A new type of database designed to store and query unstructured data.
* *Pinecone*: Which we are using in this project.
* *chroma*
* *milvus*
* *drant*

**SQL vs. Vector Database**

* SQL is structured, but when querying a vector database the query looks for the most similar item.
* Vector databases use a combination of different optimized algorithms that all participate in **Approximage Nearest Neighbor (ANN)** search.
Steps:
1. *Embedding*: create vector embeddings for the content we want to index.
2. *Indexing*: insert the vector embedding into the vector database.
3. *Querying*

### Splitting and Embedding Text Using LangChain

In [97]:
import os
from dotenv import load_dotenv, find_dotenv
load_dotenv(find_dotenv(), override=True)

True

In [98]:
from langchain.text_splitter import RecursiveCharacterTextSplitter
with open('./churchill_speech.txt') as f:
    churchill_speech = f.read()


text_splitter = RecursiveCharacterTextSplitter(
    chunk_size=100,
    chunk_overlap=20,  # help maintain continuity
    length_function=len
)

In [99]:
chunks = text_splitter.create_documents([churchill_speech])
print(chunks[1].page_content)
print(f'Now you have {len(chunks)} chunks.')

The position of the B. E.F had now become critical As a result of a most skillfully conducted
Now you have 281 chunks.


### Embedding cost

In [100]:
def print_embedding_cost(texts):
    import tiktoken
    enc = tiktoken.encoding_for_model('text-embedding-ada-002')
    total_tokens = sum([len(enc.encode(page.page_content)) for page in texts])
    print(f'Total Tokens: {total_tokens}')
    print(f'Embedding cost in USD: ${total_tokens / 1000 * 0.0004:.6f}')

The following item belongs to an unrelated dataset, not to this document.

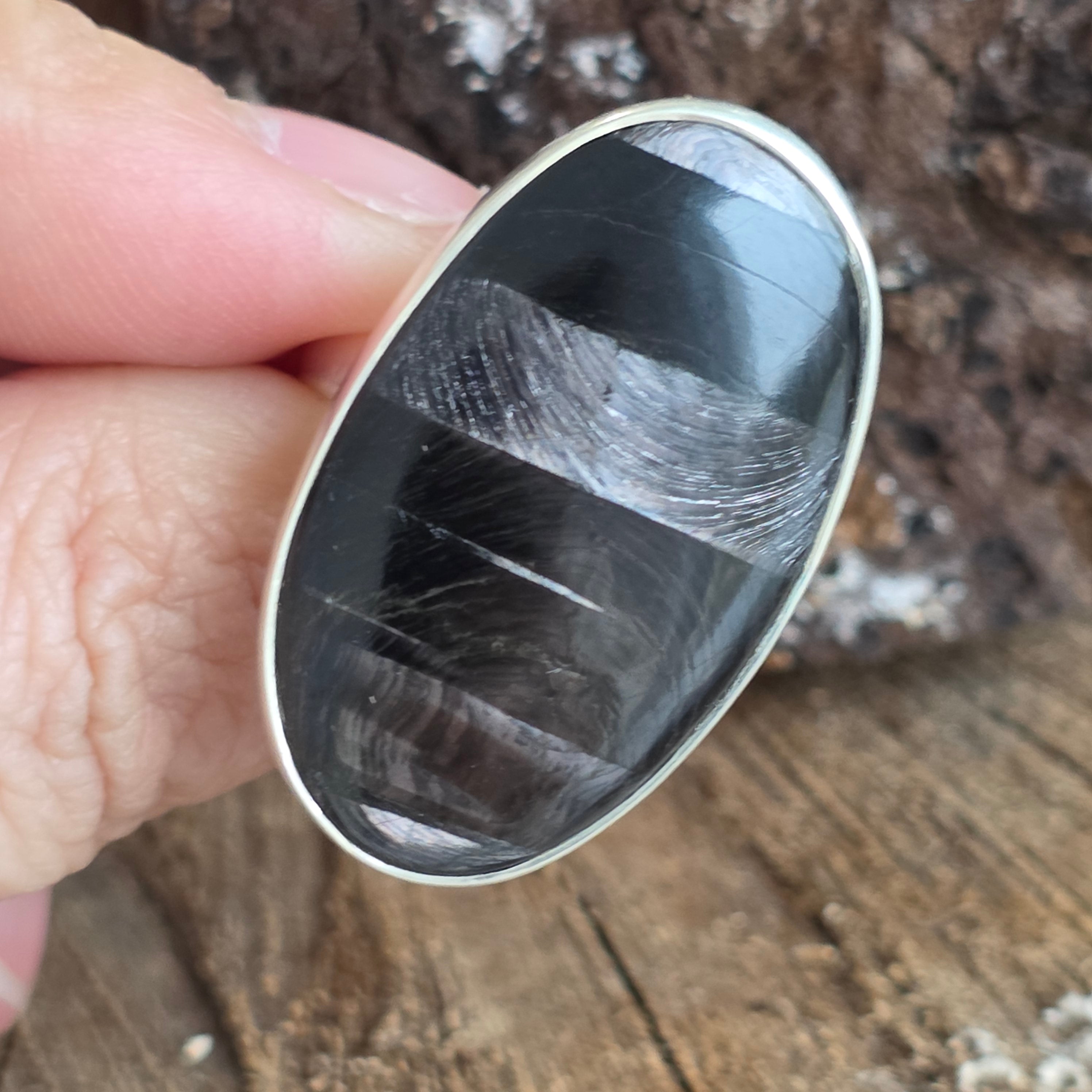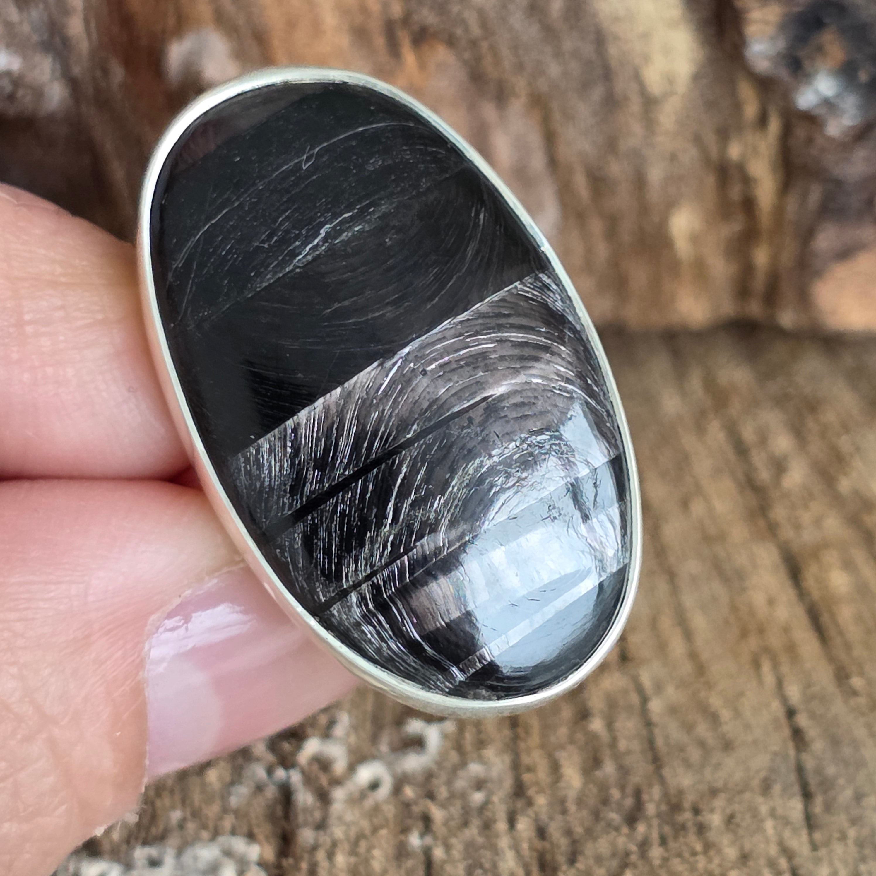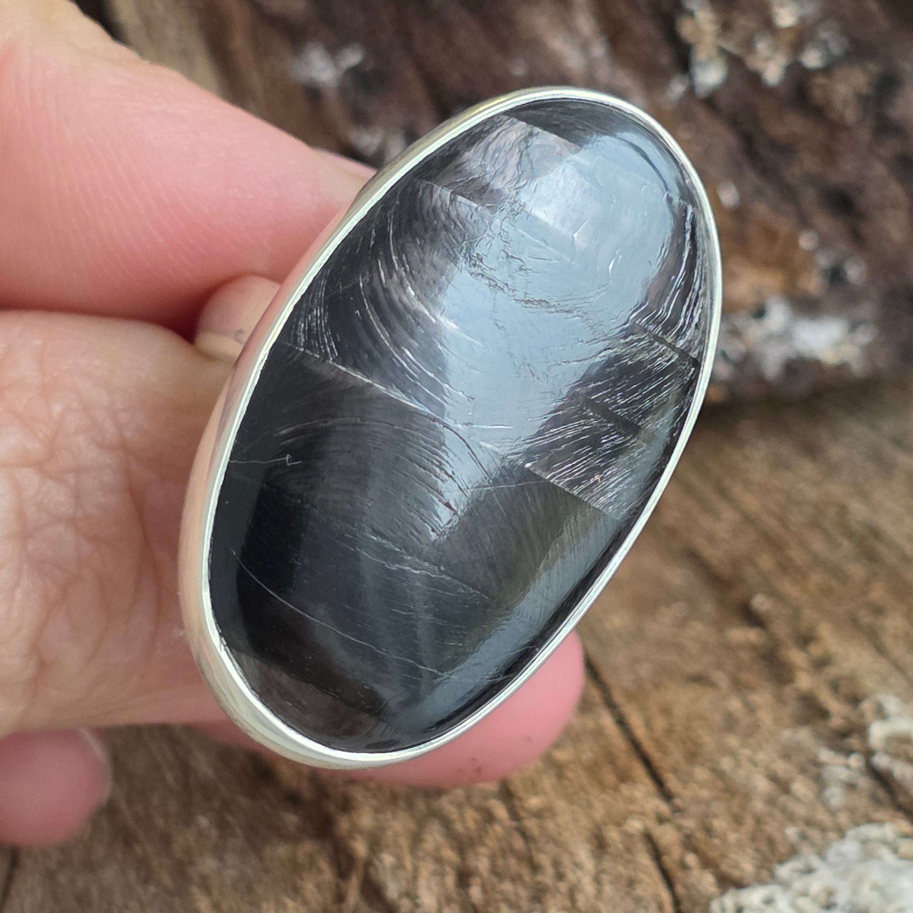 Acest inel din argint 925 cu hipersten natural atrage prin misterul și eleganța sa aparte. Reflexele sale catifelate, într-un joc subtil de gri închis, argintiu și negru, creează efectul optic fascinant de chatoyance, care face ca piatra să pară vie, aflată mereu în mișcare.
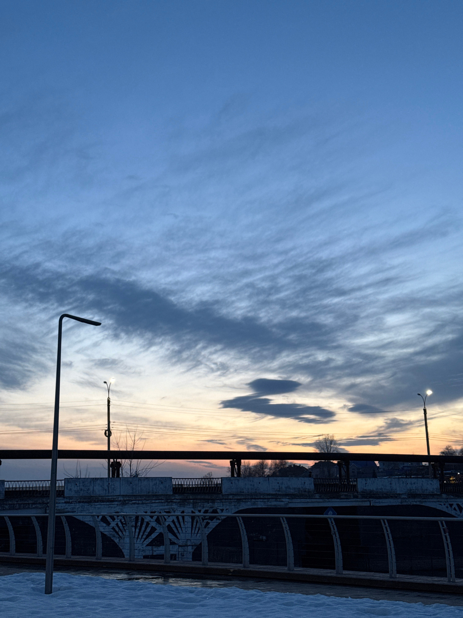 The image depicts an evening sky over the embankment of the Votkinsk Pond in Votkinsk, Russia. Wispy, layered clouds dominate the sky, transitioning from a deep blue in the upper left to lighter huesβ¦read more

print_embedding_cost(chunks)

Total Tokens: 5629
Embedding cost in USD: $0.002252


In [101]:
from langchain.embeddings import OpenAIEmbeddings
embedding = OpenAIEmbeddings()

In [102]:
vector = embedding.embed_query(chunks[0].page_content)
vector[0:10]

[-0.02832016386419352,
 -0.0036371849028618967,
 -0.03352817192461715,
 -0.03601557809223016,
 -0.012896945871190453,
 -0.0003635565274675487,
 0.006833891474988558,
 -0.004553768378574473,
 -0.013305035596318493,
 -0.0009651656856314292]

### Inserting the Embeddings into a Pinecone Index

In [110]:
import os
import pinecone
from langchain.vectorstores import Pinecone

pinecone.init(api_key=os.environ.get('PINECONE_API_KEY'), environment=os.environ.get('PINECONE_ENV'))

In [111]:
# Create a pinecone index (or use an existing)
# Free version is limited to 1 index, so we need to delete any before making a new one.
indexes = pinecone.list_indexes()
for i in indexes:
    print("Deleting all Pinecone indices.", end="")
    pinecone.delete_index(i)
    print("Done")

Deleting all Pinecone indices.Done


In [112]:
index_name = 'churchill-speech'
if index_name not in pinecone.list_indexes():
    print(f"Creating index {index_name} ...")
    pinecone.create_index(index_name, dimension=1536, metric='cosine')  # OpenAI dimension defaults to 1,536
    print('Done.')

Creating index churchill-speech ...
Done.


In [113]:
vector_store = Pinecone.from_documents(chunks, embedding, index_name=index_name)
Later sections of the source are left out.